Retrieval Augmented Generation (RAG)

Summary: Retrieval augmented generation techniques enhance the knowledge updatability of agents for goal achievement, and maintain data privacy of on-premise foundation model-based agents/systems implementations.

Context: Large foundational model-based agents are not equipped with knowledge related to explicitly specific domains, especially on highly confidential and privacy-sensitive local data, unless they are fine-tuned for pre-trained using domain data.

Problem: Given a task, how can agents conduct reasoning with data/knowledge that are not learned by the foundation models through model training?

Forces:

  • Lack of knowledge. The reasoning process may be unreliable when the agent is required to accomplish domain-specific tasks that the agent has no such knowledge reserve.
  • Overhead. Fine-tuning large foundation model using local data or training a large foundation model locally consumes high amount of computation and resource costs.
  • Data Privacy. Local data are confidential to be used to train or fine-tune the models.

Solution: Fig. 1 illustrates a high-level graphical representation of retrieval augmented generation. RAG is a technique for enhancing the accuracy and reliability of agents with facts retrieved from other sources (internal or online data). The knowledge gaps where the agents are lacking in memory are filled using the parameterized knowledge generated in vector databases. For instance, during plan generation, specific steps may require information that is not within the original agent memory. The agent can retrieve information from the parameterized knowledge and use for planning, while the augmented response (i.e. plan) will be return back to the user. The retrieval process requires zero pretraining or fine-tuning of the model served by the agent which preserves the data privacy of local data, reduces training and computation costs, and also provides up-to-date and more precise information required. The retrieved local data can be sent back to the agent via prompts (need to consider the context window size), whereas the agent is able to process the information and generate plans via in-context learning. Currently there is a cluster of RAG techniques focusing on various enhancement aspects, data sources and applications [1], for instance, federated RAG [2], graph RAG [3], etc.

Figure 1. Retrieval augmented generation.

Benefits:

  • Knowledge retrieval. Agents can search and retrieve knowledge related to the given tasks, which ensures the reliability of reasoning steps.
  • Updatability. The prompts/responses generated using RAG by the agent on internal or online data are updatable by the complimentary parameterized knowledge.
  • Data privacy. The agent can retrieve additional knowledge from local datastores, which ensures data privacy and security.
  • Cost-efficiency. Under the data privacy constraint, RAG can provide essential knowledge to the agent without training a new foundation model entirely. This reduced the training costs.

Drawbacks:

  • Maintenance overhead. Maintenance and update of the parameterized knowledge in the vector store requires additional computation and storage costs.
  • Data limitation. The agents still mainly rely on the data it has been trained on to generate prompts. This can impact the quality and accuracy of the generated content in those specific domains.

Known uses:

  • LinkedIn. LinkedIn applies RAG to construct the pipeline of foundation model based agents, which can search appropriate case studies to respond users.
  • Yan et al. [4] devise a retrieval evaluator which can output a confidence degree after assessing the quality of retrieved data.

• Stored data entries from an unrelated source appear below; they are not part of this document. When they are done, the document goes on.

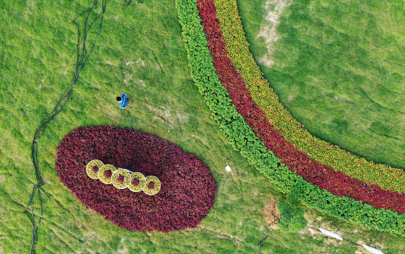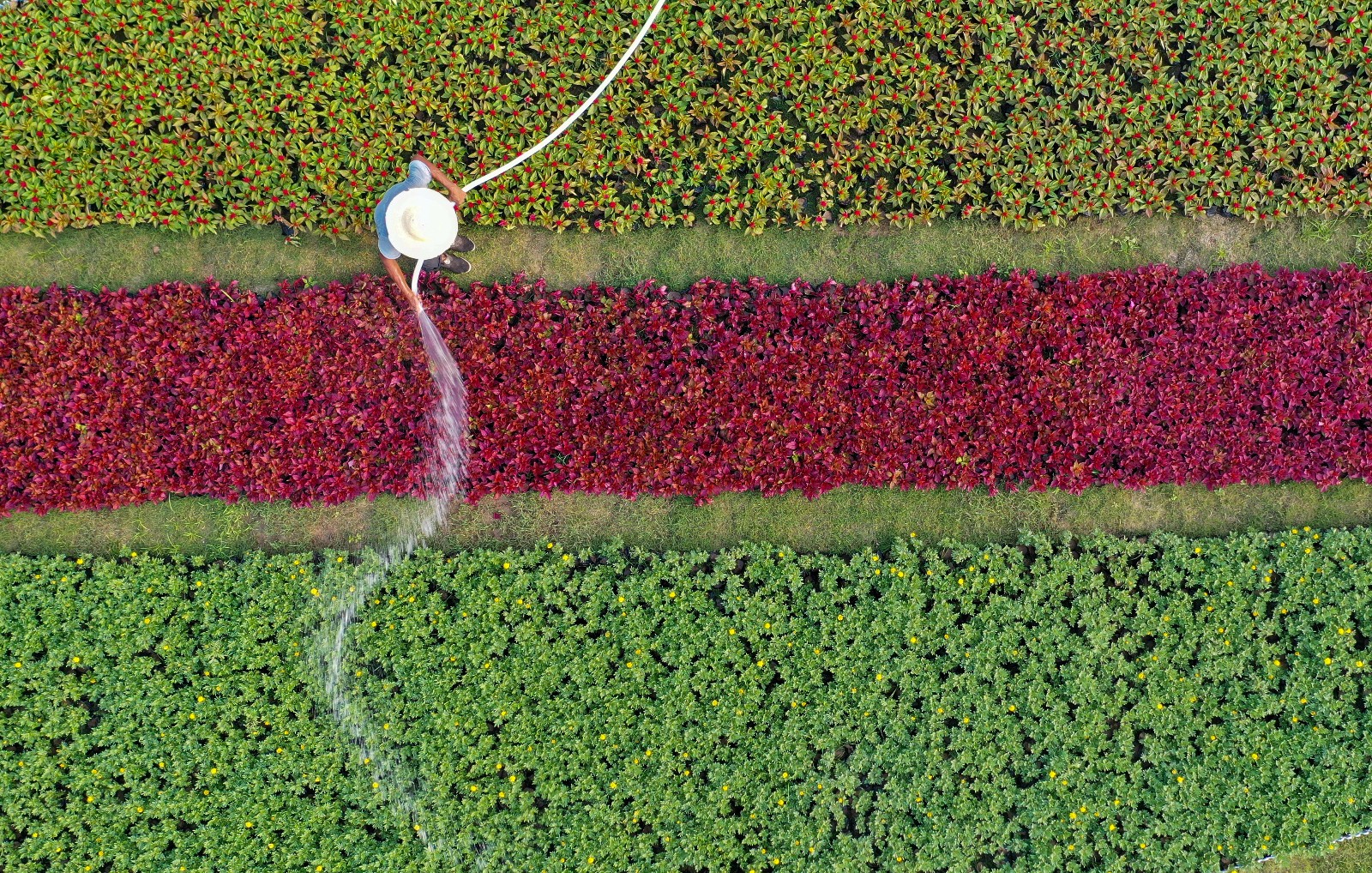 綠化工人正在養(yǎng)護(hù)花壇和草坪
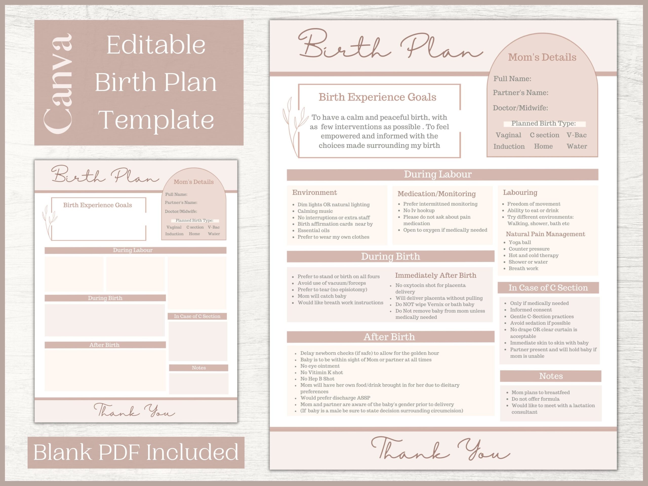 Editable Birth Plan Template Printable Birthing Plan Labour And Delivery Preferences Template Etsy
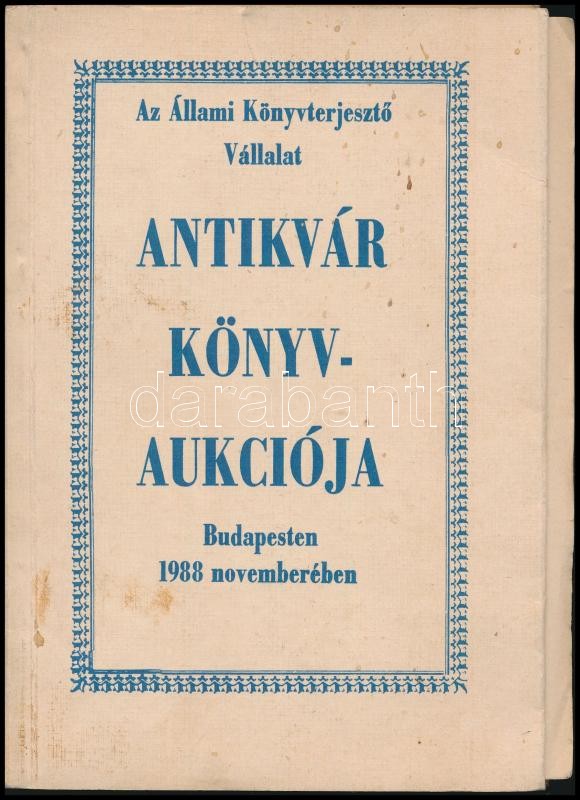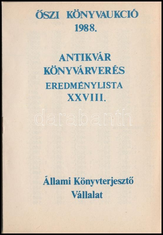https://www.darabanth.com/en/331-Online-auction/331.0/Other-collectibles/Printed-Materials~500029/1988-Oszi-konyvaukcio-Antikvar-konyvarveres-katalogusa-XXVIII-Bp-AKV-Papirkotesben~II1845839
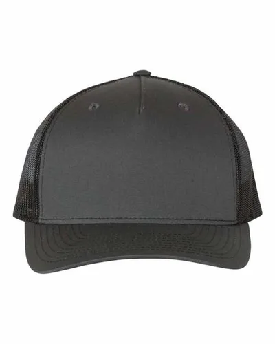 Front: 60% Cotton/40% Polyester Back: 100% Polyester Cotton/Polyester Twill Fabric, Trucker Mesh Structured, Five-panel, Mid Pro Profile Pre-curved Contrast Stitch Bill Adjustable Snapback Closure
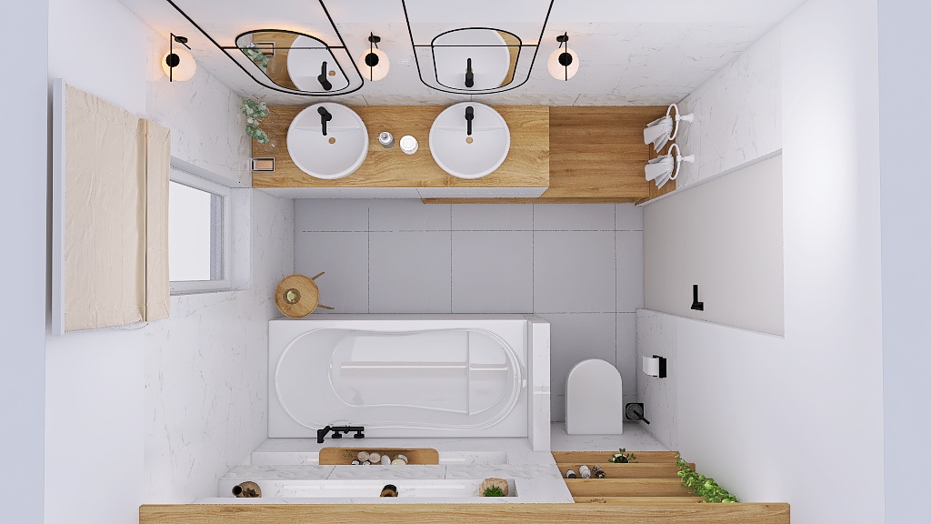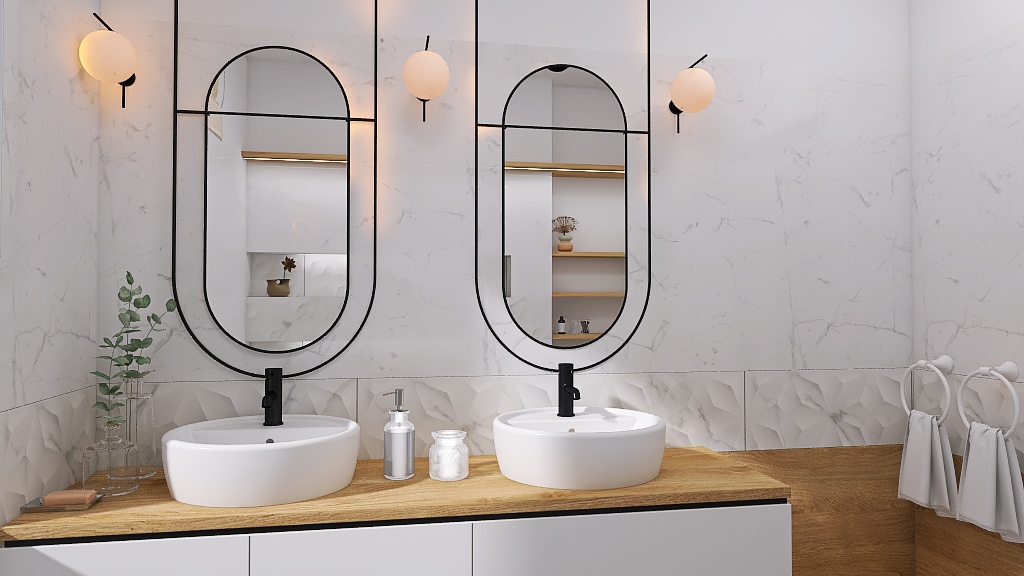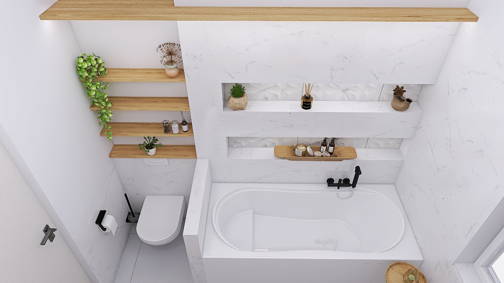 Ebben a projektben az volt a célom, hogy a rendelkezésre álló kis tér ellenére egy kényelmes és stílusos fürdőszobát hozzak létre. Minden négyzetcentimétert kihasználtam, hogy a lehető legpraktikusabb legyen a tér. A falra szerelt szekrények és polcok rengeteg tárolóhelyet biztosítanak anélkül, hogy zsúfolttá tennék a helyiséget.
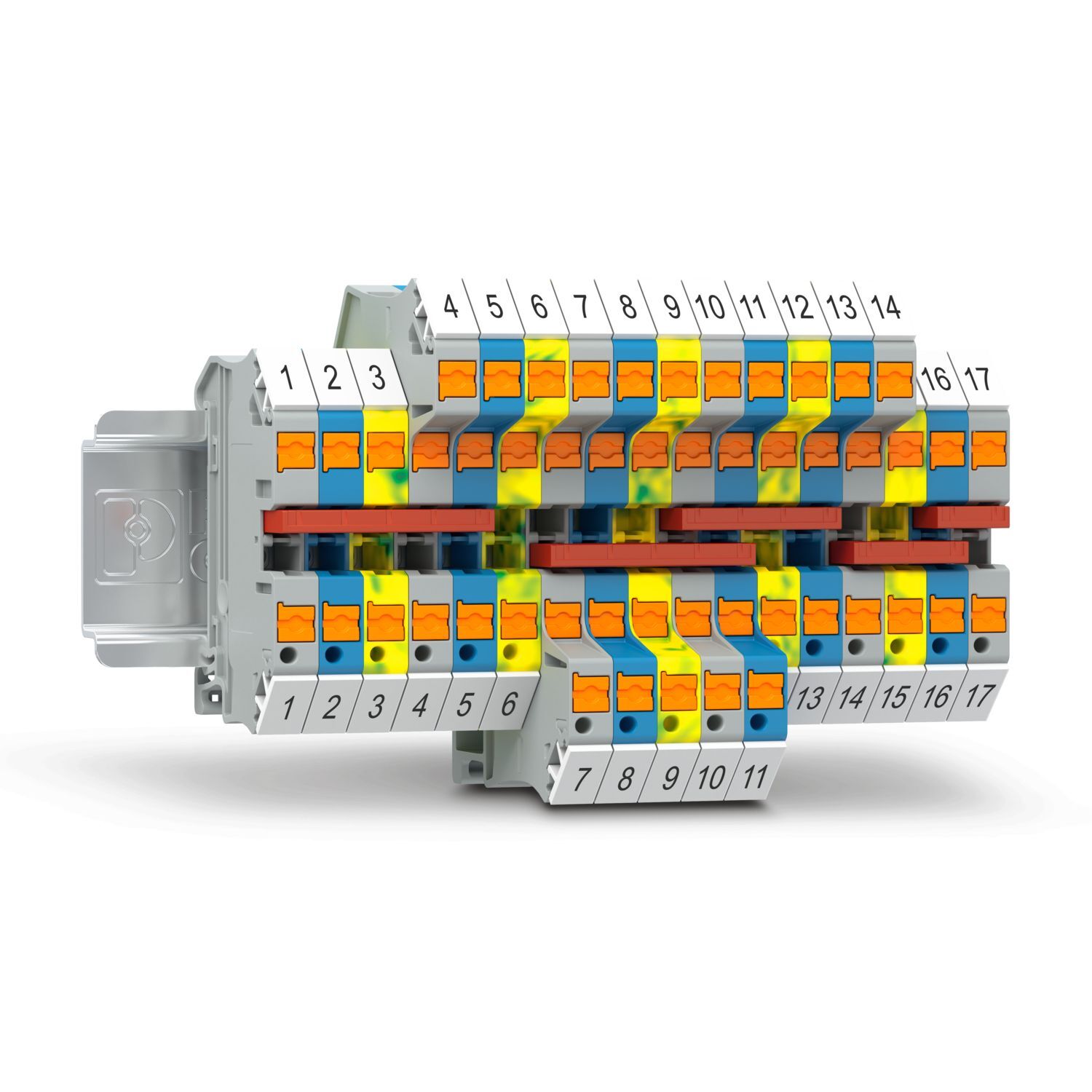 Наглядная разводка благодаря боковому вводу проводов|Компактная конструкция позволяет выполнять кабельную разводку в ограниченном пространстве.|Соединительные зажимы push-in отличаются стандартными характеристиками системы CLIPLINE complete|Возможность проведения тестирования с помощью функционального канала, а также контрольного гнезда, которым оснащены все клеммы
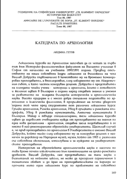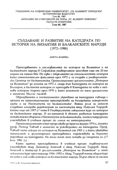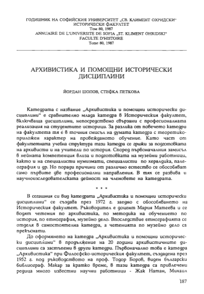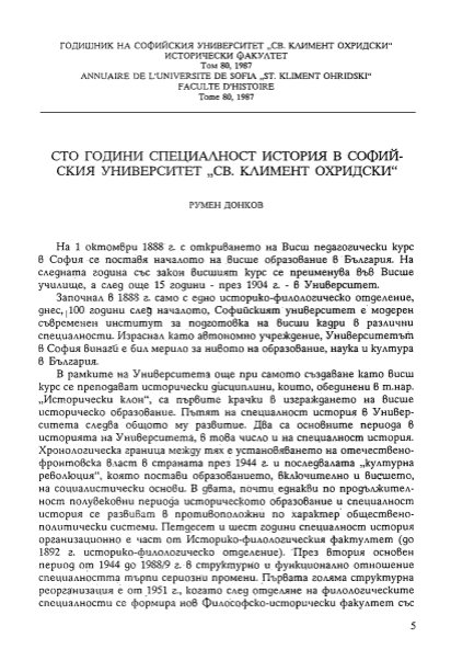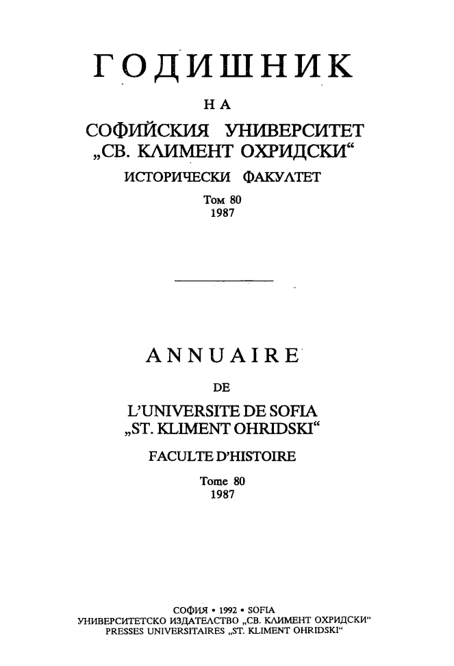 Т. 80 Бр. 1 (1987): Годишник на Софийския университет "Св. Климент Охридски" – Исторически факултет
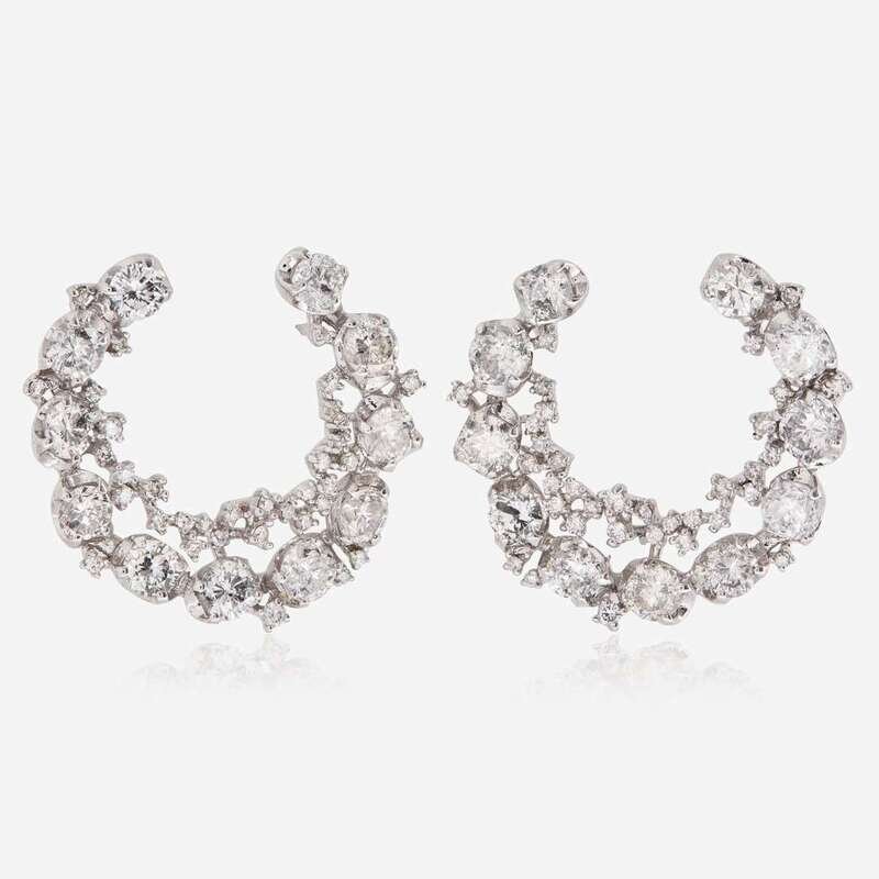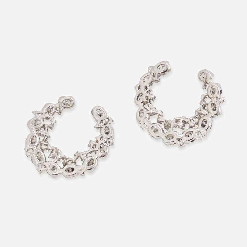 A pair of 18K white gold earrings, suitable for pierced ears on stud posts with butterfly push-backs, set with variously-sized round brilliant-cut diamonds in a crescent shape. Diamonds are near colorless to faint color (J - M), with SI - I clarity. Total estimated weight of diamonds: 6.70 carats.
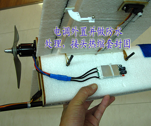 雖然2212的動力也能飛,但是出于FPV安全性考慮我們還是選用朗宇的2216電機,KV1400配合APC的8060螺旋槳,充足的動力可以應變突發(fā)情況,即使五級風也能安全飛行。電調(diào)選用好贏的40A 必須是UBEC的,它屬于高效開關(guān)穩(wěn)壓,發(fā)熱少可靠性高。3A的輸出電流可以滿足F2飛控和四個舵機供電。電機和電調(diào)之間的插頭必須用熱縮套封固防止松脫,電調(diào)去掉封套用704硅膠做防水處理,外置在飛機外面便于散熱并留出倉內(nèi)空間。
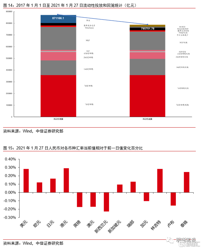 央行公告称,临近月末财政支出大幅增加, 2021年1月27日中国人民银行以利率招标方式开展了1800亿元逆回购操作,维护银行体系流动性合理充裕。当日有2800亿元7天逆回购到期,实现流动性净回笼1000亿元。
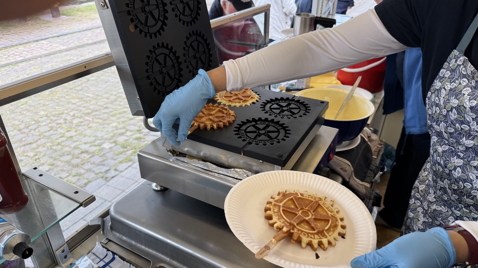 Neben dem Wettkampf kam auch das leibliche Wohl nicht zu kurz: Mit Kaffee, Brezeln, Bockwurst und Rotary-Waffeln waren die Zuschauer bestens versorgt.
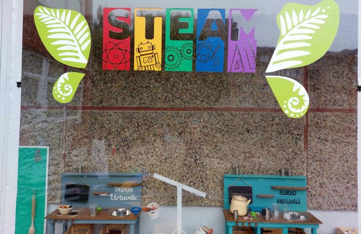 specialistė Graciana Jagello. Simbolinę STEAM laboratorijos juostelę perkirpo ugdymo įstaigos direktorė Eliza
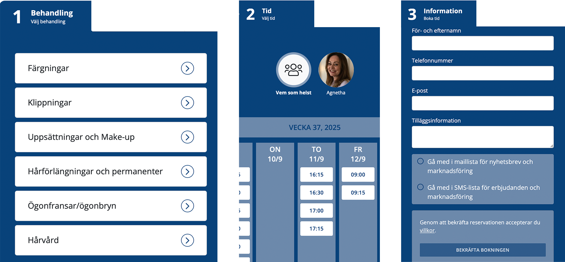 1. välj behandling 2. välj tid 3. fyll i din information och bekräfta bokningen
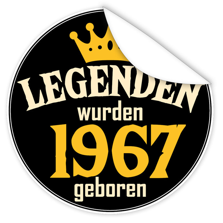Legenden wurden 1967 geboren - Motivaufkleber I rund ⌀ 7 cm I Schwarzer Sticker
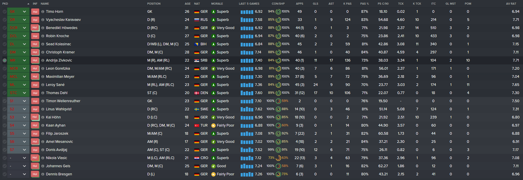 Sané scored 24 from the left wing and Zivkovic nabbed himself 11 from the opposite side. My strikers finished the season with 29 goals between them, so I’m hoping for an improvement on that next season.
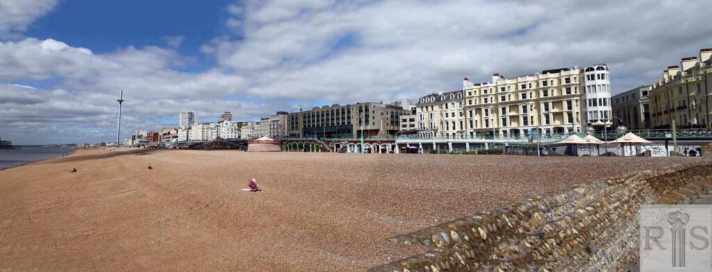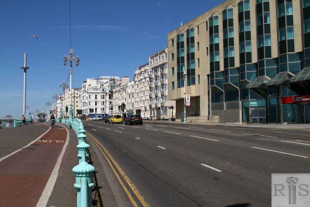 2020: These pictures show the hotels along King’s Road between Middle Street and East Street. In 2020 the flagpoles have been replaced by streetlights; there are black waste bins and blue recycling bins everywhere and the boats on the beach are exhibits outside Brighton Fishing Museum. (Photographer: David Sears)
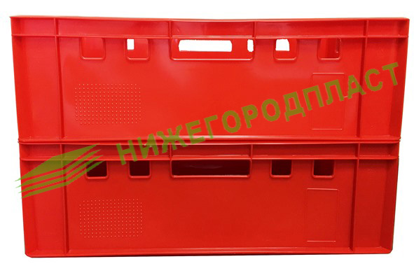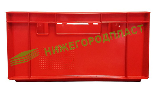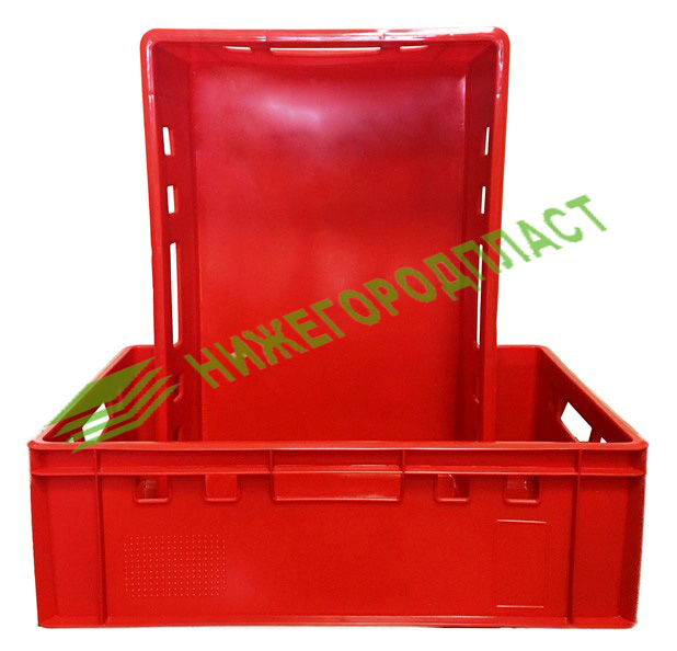 Пластиковый ящик Е2, соответствующий европейскому стандарту, используется для мяса, колбасы и различных полуфабрикатов, наиболее частое применение нашел во внутрицеховой логистике на мясных предприятиях. Тара оснащена ручками, сплошные дно и стенки помогают избежать подтеков и разлива жидкостей и надежно защищают продукты от механических воздействий. Штабелируемая конструкция обеспечивает их уверенную фиксацию друг на друге. Конструкция ящиков позволяет быстро охлаждать и замораживать содержимое. Данный ящик изготовлен из пищевого пластика, что позволяет использовать его на пищевых предприятиях.

The solution can improve the robustness and overall performance of RAG for agents.
  • Levonian et al. [5] apply RAG with GPT-3.5, developing an agent that can retrieve the contents of a high-quality open-source math textbook to generate responses to students.

Related patterns: Retrieval augmented generation can complement all other patterns by providing extra context information from the local datastore.

References:

[1] Y. Hu and Y. Lu, “Rag and rau: A survey on retrieval-augmented language model in natural language processing,” arXiv preprint arXiv:2404.19543, 2024.
[2] S. Wang, E. Khramtsova, S. Zhuang, and G. Zuccon, “Feb4rag: Evaluating federated search in the context of retrieval augmented generation,” arXiv preprint arXiv:2402.11891, 2024.
[3] J. Larson and S. Truitt, “GraphRAG: Unlocking LLM discovery on narrative private data,” February 2024. [Online]. Available: https://www.microsoft.com/en-us/research/blog/graphrag-unlocking-llm-discovery-on-narrative-private-data/
[4] S.-Q. Yan, J.-C. Gu, Y. Zhu, and Z.-H. Ling, “Corrective retrieval augmented generation,” arXiv preprint arXiv:2401.15884, 2024.
[5] Z. Levonian, C. Li, W. Zhu, A. Gade, O. Henkel, M.-E. Postle, and W. Xing, “Retrieval-augmented generation to improve math question-answering: Trade-offs between groundedness and human preference,” arXiv preprint arXiv:2310.03184, 2023.